= British Neuropsychiatry Association =

The British Neuropsychiatry Association (BNPA) is a professional organisation in the United Kingdom focused on the field of neuropsychiatry, which encompasses the clinical and scientific study of disorders at the interface of neurology, psychiatry, and neuropsychology.

The British Neuropsychiatry Association was founded in 1987 at the suggestion of Dr Jonathan Bird. Among its founding members were key figures in the development of neuropsychiatry as a distinct subspecialty in the UK. The first chairman was William Alwyn Lishman who later became honorary life president of the organisation.

The British Neuropsychiatry Association hosts an annual conference, typically in London, which features invited lectures, scientific presentations, and case discussions. These meetings are intended to disseminate research findings and discuss clinical developments in areas such as dementia, epilepsy, movement disorders, functional neurological disorders, and traumatic brain injury. The conference proceedings are published annually in the Journal of Neurology, Neurosurgery and Psychiatry and joint meetings have previously been held with the American Neuropsychiatric Association and the Faculty of Neuropsychiatry at the Royal College of Psychiatrists.
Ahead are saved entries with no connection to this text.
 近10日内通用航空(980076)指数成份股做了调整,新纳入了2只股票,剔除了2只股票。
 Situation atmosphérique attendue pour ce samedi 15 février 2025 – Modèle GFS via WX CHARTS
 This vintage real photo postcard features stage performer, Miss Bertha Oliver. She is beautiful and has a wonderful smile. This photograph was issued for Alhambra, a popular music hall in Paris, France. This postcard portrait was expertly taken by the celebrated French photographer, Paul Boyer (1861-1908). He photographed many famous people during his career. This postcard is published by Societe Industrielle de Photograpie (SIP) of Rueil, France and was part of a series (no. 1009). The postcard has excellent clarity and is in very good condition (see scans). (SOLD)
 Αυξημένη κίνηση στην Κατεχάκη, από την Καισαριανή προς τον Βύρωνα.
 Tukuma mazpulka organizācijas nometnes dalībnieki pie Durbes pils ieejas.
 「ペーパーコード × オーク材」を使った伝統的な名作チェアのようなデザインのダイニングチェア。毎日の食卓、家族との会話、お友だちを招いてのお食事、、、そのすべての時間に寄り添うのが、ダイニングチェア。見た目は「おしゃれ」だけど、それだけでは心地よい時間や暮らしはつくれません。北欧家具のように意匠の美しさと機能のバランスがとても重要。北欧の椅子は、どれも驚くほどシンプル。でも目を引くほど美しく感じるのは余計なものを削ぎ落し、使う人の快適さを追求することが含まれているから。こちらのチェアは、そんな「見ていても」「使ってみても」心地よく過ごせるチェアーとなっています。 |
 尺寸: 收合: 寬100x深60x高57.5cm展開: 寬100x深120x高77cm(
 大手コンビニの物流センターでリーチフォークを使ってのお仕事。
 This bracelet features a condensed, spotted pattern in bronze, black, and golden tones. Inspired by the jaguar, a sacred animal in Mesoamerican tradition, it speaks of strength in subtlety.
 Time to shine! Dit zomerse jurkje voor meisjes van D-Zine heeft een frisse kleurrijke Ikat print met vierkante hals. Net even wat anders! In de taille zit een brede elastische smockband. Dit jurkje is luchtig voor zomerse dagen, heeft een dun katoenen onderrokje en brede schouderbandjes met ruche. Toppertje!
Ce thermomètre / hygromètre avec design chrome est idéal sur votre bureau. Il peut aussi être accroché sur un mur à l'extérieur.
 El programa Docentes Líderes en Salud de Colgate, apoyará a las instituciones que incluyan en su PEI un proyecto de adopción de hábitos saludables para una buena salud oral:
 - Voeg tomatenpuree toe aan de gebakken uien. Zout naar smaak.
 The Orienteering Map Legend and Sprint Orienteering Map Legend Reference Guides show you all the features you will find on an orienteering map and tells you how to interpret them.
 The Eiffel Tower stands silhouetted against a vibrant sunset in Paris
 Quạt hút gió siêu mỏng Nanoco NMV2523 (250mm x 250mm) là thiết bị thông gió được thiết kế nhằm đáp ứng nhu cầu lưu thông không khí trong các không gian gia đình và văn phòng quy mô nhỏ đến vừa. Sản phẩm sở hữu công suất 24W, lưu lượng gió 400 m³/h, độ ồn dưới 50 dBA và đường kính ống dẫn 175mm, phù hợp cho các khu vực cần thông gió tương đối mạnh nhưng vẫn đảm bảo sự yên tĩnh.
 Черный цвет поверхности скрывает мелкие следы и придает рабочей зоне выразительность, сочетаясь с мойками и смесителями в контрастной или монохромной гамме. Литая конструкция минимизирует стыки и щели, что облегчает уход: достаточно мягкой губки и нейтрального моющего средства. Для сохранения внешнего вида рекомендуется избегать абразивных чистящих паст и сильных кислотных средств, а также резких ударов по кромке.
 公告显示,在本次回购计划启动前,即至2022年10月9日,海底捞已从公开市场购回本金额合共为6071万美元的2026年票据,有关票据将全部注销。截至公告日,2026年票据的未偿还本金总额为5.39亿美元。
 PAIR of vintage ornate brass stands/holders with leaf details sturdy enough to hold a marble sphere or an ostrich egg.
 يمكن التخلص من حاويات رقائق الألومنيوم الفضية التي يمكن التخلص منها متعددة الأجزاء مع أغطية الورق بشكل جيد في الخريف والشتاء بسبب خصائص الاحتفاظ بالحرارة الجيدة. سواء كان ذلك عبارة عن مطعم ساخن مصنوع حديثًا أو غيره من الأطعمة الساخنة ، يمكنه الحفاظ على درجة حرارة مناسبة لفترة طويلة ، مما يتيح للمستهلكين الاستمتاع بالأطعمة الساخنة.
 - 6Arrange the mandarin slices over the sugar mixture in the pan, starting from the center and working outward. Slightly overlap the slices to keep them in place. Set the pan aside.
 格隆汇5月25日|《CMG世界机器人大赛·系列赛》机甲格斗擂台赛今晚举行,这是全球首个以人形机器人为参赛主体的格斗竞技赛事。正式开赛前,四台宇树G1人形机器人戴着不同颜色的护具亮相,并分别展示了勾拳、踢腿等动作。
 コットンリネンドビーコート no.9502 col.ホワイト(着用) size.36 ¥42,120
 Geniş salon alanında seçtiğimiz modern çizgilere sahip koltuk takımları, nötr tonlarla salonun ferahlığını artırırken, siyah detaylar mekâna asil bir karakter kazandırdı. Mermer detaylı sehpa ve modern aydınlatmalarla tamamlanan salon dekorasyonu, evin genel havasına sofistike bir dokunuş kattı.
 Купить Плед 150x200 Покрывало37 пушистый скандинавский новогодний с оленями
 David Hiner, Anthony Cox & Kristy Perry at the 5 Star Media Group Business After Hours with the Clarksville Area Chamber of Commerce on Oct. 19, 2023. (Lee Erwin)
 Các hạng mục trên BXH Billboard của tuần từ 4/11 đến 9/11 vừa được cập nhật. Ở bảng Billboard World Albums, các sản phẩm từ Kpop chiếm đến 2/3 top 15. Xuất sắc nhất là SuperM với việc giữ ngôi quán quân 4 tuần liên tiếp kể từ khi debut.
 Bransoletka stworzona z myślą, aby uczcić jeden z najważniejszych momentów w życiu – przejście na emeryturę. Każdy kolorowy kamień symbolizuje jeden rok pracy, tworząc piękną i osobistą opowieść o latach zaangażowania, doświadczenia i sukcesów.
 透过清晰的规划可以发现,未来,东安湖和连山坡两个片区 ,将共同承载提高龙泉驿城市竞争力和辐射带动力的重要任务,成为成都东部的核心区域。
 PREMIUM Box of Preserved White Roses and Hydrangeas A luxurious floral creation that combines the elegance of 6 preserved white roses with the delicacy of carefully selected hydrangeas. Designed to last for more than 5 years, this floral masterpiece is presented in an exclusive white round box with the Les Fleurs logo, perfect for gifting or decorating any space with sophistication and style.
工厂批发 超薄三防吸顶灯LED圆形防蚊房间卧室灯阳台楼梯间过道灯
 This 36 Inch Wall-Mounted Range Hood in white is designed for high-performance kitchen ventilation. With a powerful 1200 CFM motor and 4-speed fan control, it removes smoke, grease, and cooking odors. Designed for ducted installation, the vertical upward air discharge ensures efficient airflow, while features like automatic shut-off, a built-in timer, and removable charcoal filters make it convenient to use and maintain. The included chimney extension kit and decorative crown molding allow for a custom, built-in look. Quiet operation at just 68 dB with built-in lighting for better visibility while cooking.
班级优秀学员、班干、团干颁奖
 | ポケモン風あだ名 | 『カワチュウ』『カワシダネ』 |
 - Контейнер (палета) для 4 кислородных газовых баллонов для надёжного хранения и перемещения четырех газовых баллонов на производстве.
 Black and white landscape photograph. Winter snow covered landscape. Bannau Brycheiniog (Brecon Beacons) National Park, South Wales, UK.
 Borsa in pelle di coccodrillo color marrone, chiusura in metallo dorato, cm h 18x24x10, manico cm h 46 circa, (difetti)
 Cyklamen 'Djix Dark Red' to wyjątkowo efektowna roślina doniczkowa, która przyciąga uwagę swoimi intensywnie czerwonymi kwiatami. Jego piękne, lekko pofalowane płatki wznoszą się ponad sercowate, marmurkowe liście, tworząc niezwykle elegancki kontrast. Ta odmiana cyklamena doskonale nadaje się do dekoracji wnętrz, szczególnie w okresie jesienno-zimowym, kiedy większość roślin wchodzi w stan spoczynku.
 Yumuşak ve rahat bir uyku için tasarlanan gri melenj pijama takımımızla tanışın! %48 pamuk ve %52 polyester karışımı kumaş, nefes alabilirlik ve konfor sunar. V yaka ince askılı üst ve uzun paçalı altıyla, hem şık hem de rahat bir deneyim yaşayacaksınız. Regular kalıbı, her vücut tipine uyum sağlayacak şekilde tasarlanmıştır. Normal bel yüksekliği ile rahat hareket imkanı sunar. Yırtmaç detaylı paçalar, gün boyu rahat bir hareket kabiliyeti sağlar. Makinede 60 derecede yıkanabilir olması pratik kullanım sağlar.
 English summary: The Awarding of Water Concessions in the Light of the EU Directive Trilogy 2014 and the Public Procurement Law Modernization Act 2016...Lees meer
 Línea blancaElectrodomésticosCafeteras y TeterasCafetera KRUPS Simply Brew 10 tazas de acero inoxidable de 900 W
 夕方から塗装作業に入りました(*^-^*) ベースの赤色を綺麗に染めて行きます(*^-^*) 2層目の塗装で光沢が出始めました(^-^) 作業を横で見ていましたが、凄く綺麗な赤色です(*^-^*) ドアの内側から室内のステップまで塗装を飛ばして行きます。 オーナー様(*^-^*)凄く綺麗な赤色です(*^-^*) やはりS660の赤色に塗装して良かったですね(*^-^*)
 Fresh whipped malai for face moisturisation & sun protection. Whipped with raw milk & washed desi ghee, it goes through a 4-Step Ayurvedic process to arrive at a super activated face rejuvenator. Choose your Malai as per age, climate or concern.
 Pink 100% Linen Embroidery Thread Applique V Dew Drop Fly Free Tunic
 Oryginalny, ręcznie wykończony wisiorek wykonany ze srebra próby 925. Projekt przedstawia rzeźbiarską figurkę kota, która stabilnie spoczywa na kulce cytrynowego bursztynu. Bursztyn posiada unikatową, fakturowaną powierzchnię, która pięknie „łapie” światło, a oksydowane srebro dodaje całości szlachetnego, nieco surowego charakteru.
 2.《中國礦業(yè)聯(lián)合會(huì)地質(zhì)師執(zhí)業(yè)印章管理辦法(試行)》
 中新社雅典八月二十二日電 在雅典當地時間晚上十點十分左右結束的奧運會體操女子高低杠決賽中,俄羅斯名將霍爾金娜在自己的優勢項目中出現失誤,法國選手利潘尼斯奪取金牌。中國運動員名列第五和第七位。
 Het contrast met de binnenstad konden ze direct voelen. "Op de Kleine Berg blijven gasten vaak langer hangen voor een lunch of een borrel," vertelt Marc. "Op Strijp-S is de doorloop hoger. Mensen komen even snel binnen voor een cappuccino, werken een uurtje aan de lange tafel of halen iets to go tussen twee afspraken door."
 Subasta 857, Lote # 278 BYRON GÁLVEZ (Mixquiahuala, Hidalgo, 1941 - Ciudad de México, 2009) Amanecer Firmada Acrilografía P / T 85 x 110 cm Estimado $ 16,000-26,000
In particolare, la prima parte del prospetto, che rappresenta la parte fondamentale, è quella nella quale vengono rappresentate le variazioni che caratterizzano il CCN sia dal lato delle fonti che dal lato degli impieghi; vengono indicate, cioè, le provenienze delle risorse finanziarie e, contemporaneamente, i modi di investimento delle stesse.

UK domestic membership is restricted to medical practitioners working in clinical or experimental fields related to psychiatry, neurology, psychology or neuroscience; postgraduate psychologists working in clinical or experimental fields related to psychiatry or neurology; postgraduate laboratory workers in the neurosciences; allied health workers in psychiatry, neurology, or neuropsychiatry. The British Neuropsychiatry Association does not regulate clinical practice or training. It is a forum for discussion and education in neuropsychiatry and related fields.